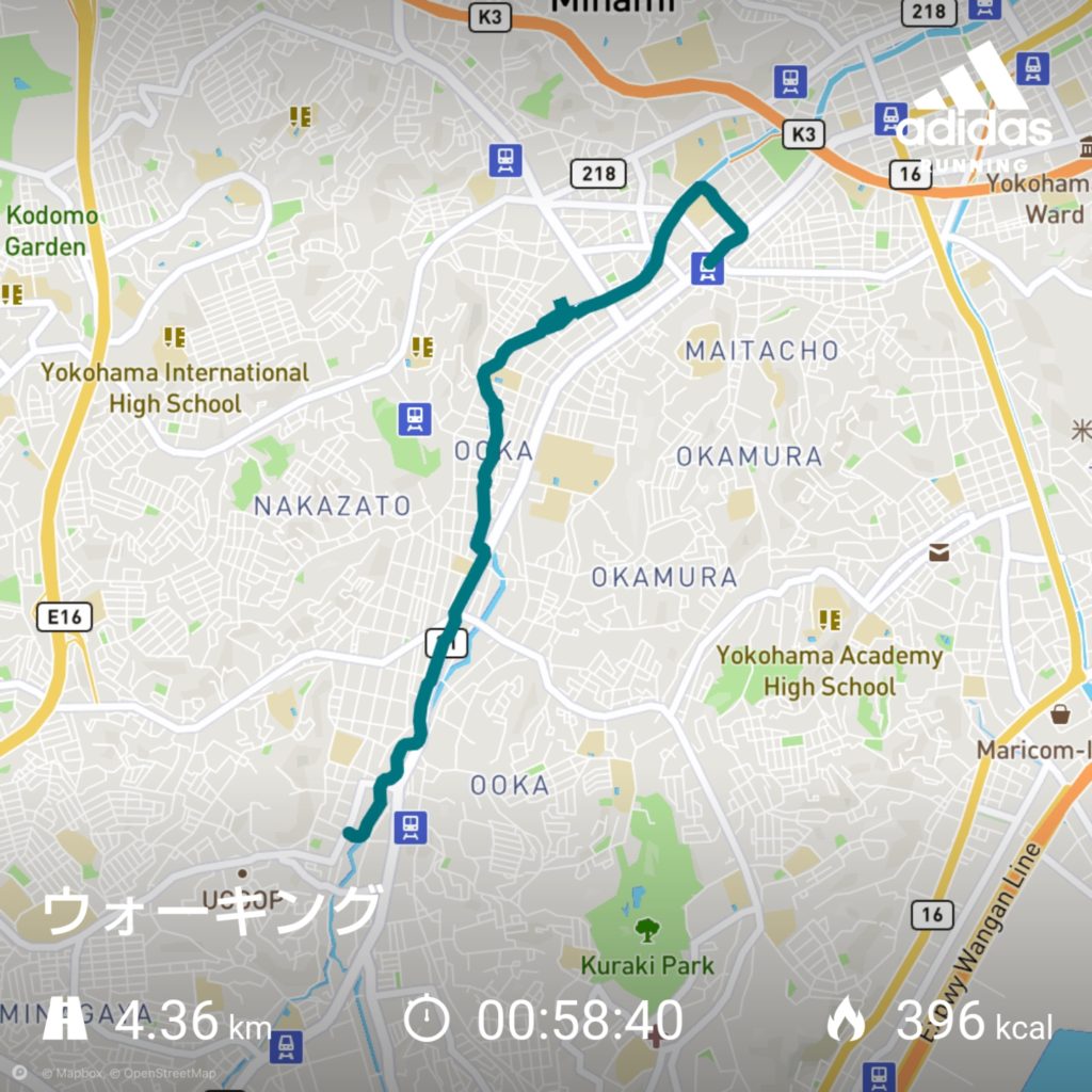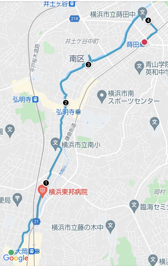 上大岡久保橋出発→本日は大岡川メイン→その割に鎌倉街道はわたらない→向田橋交差点→南小学校→すぐに、与七橋→ここからは「あるくとaruku&」のコース 大岡川沿い→花見橋→弘明寺商店街・観音橋(そのちょっと先が②km付近)→弘岡橋・大岡小学校→大井橋(ちょっと寄り道)→鶴巻橋・公衆トイレ(環状1号渡る)→蒔田橋→井土ヶ谷橋・蒔田小学校角曲がる(曲がって約④km付近)→鎌倉街道に出て右→市営地下鉄ブルーライン 蒔田駅ゴール(4.3km396キロカロリー)
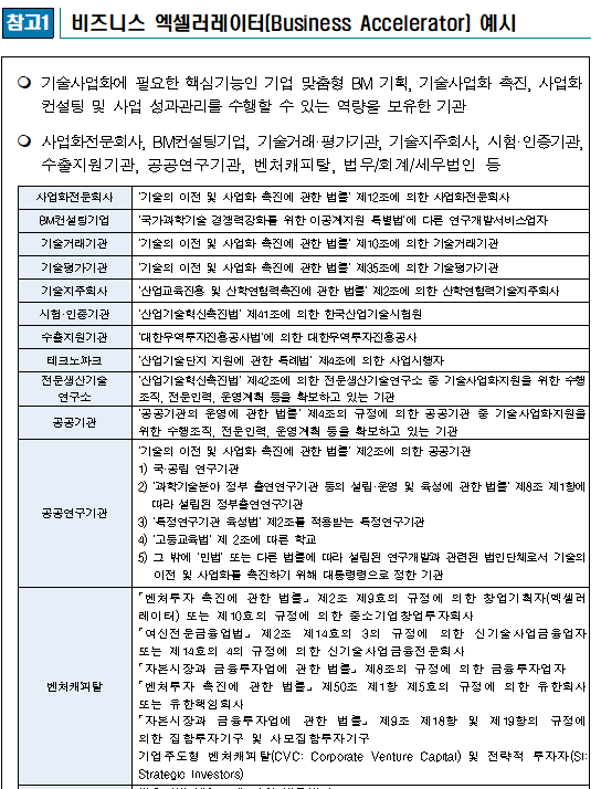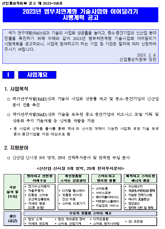 먼저 범부처연계형 기술사업화 이어달리기 사업이란 과제명에서 보듯이 정부 여러 부처의 연구개발사업(2억원이상과제/1년)의 사업화 성공률을 높이기 위한 지원사업입니다.
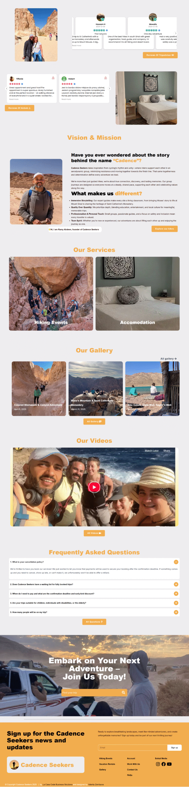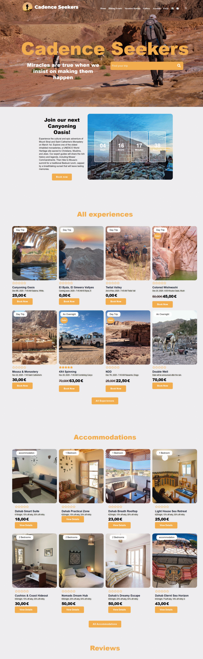 Cadence Seekers is a leading company specializing in organizing hiking and adventure trips in the heart of the Egyptian Sinai Peninsula. The company focuses on delivering immersive exploratory experiences that emphasize cultural interaction and connection with nature, targeting travelers seeking both a physical challenge and historical insights. Their programs include detailed tours to ascend Mount Sinai (Gabal Musa), visit Saint Catherine’s Monastery, and explore pristine valleys and natural sites like the Colored Wishwashi Oasis, in addition to arranging accommodations in areas such as Dahab.
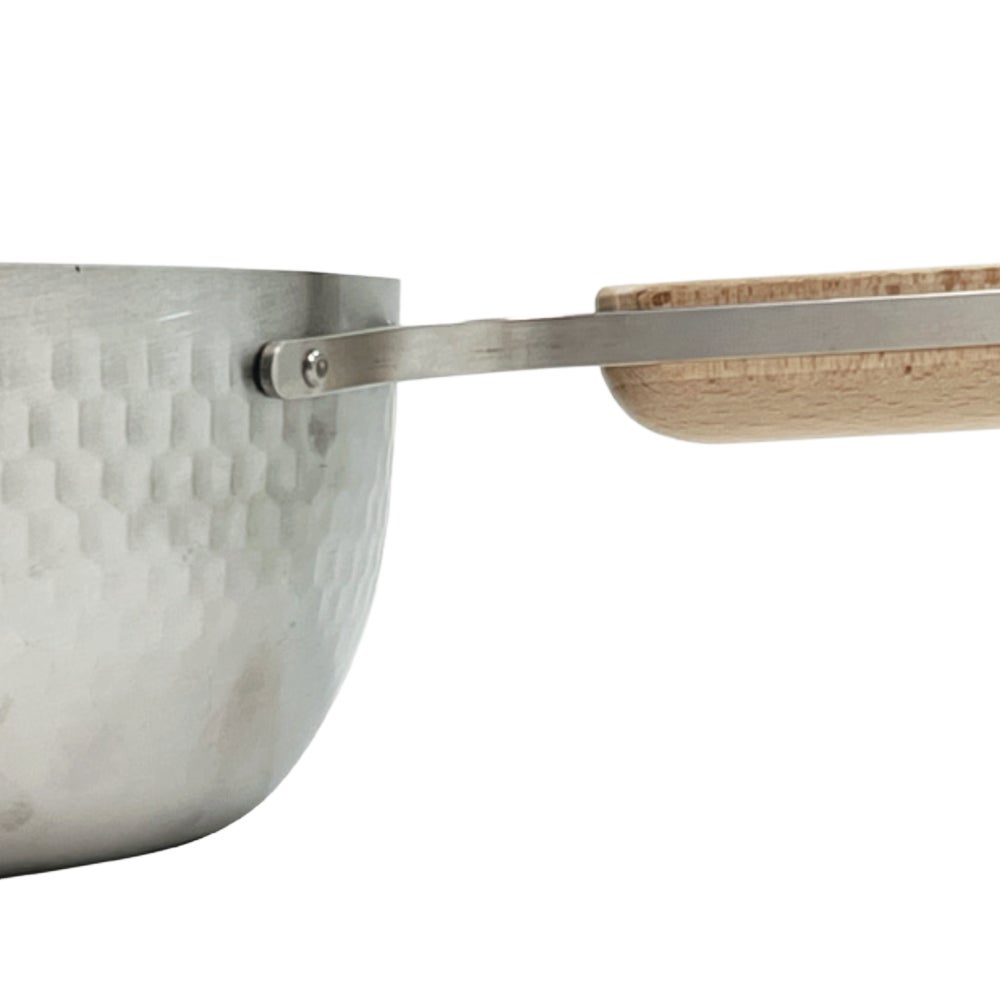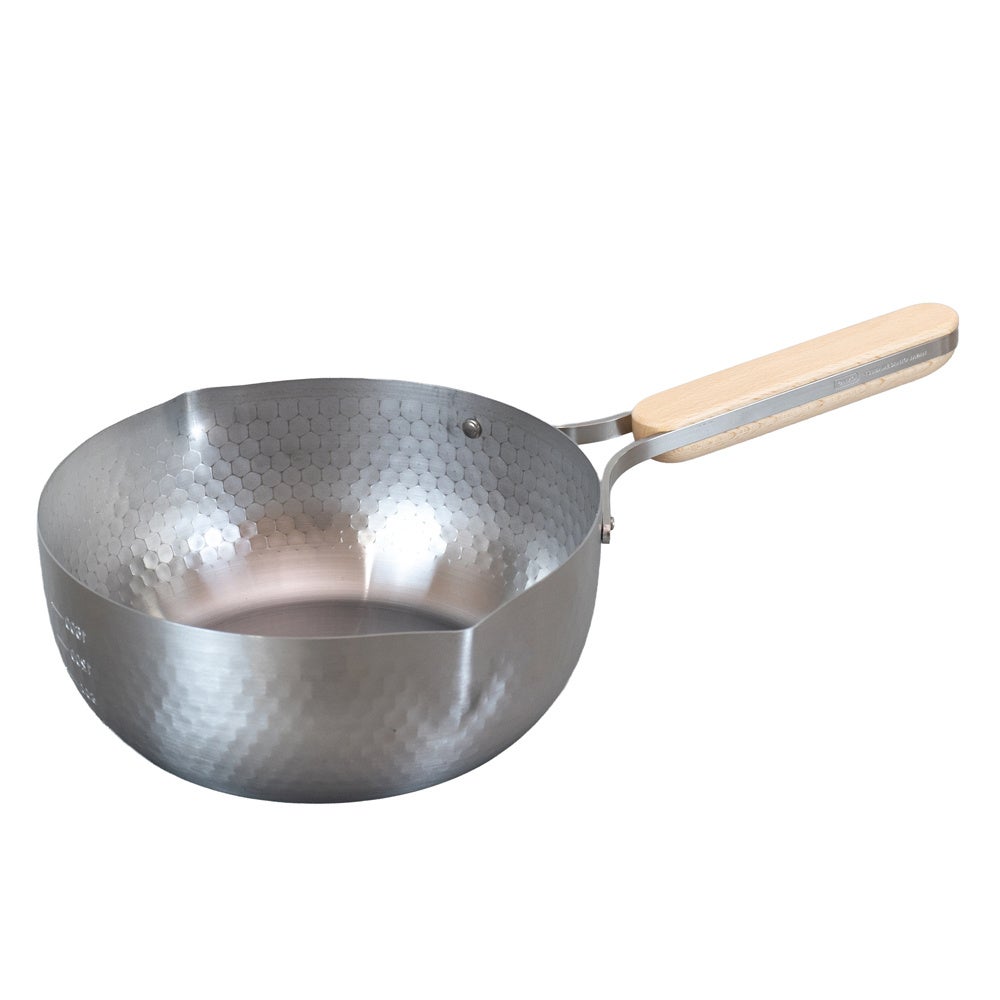 昔ながらの金型を使ったステンレス雪平鍋です。本体には槌目加工を施し適度な厚みで強度も確保しました。たっぷりとしたゆとりある形状に、注ぎ口が左右に二つ。内面は調理に便利な目盛りを刻印して調理がしやすくなっています。お手入れしやすいステンレス製なので末永くお使いいただけます。

◆ Goal of the exercise:
The listing must be returned in full and exactly, apart from its pictures.

◆ Response:
 上大岡久保橋出発→本日は大岡川メイン→その割に鎌倉街道はわたらない→向田橋交差点→南小学校→すぐに、与七橋→ここからは「あるくとaruku&」のコース 大岡川沿い→花見橋→弘明寺商店街・観音橋(そのちょっと先が②km付近)→弘岡橋・大岡小学校→大井橋(ちょっと寄り道)→鶴巻橋・公衆トイレ(環状1号渡る)→蒔田橋→井土ヶ谷橋・蒔田小学校角曲がる(曲がって約④km付近)→鎌倉街道に出て右→市営地下鉄ブルーライン 蒔田駅ゴール(4.3km396キロカロリー)
 먼저 범부처연계형 기술사업화 이어달리기 사업이란 과제명에서 보듯이 정부 여러 부처의 연구개발사업(2억원이상과제/1년)의 사업화 성공률을 높이기 위한 지원사업입니다.
 Cadence Seekers is a leading company specializing in organizing hiking and adventure trips in the heart of the Egyptian Sinai Peninsula. The company focuses on delivering immersive exploratory experiences that emphasize cultural interaction and connection with nature, targeting travelers seeking both a physical challenge and historical insights. Their programs include detailed tours to ascend Mount Sinai (Gabal Musa), visit Saint Catherine’s Monastery, and explore pristine valleys and natural sites like the Colored Wishwashi Oasis, in addition to arranging accommodations in areas such as Dahab.
 昔ながらの金型を使ったステンレス雪平鍋です。本体には槌目加工を施し適度な厚みで強度も確保しました。たっぷりとしたゆとりある形状に、注ぎ口が左右に二つ。内面は調理に便利な目盛りを刻印して調理がしやすくなっています。お手入れしやすいステンレス製なので末永くお使いいただけます。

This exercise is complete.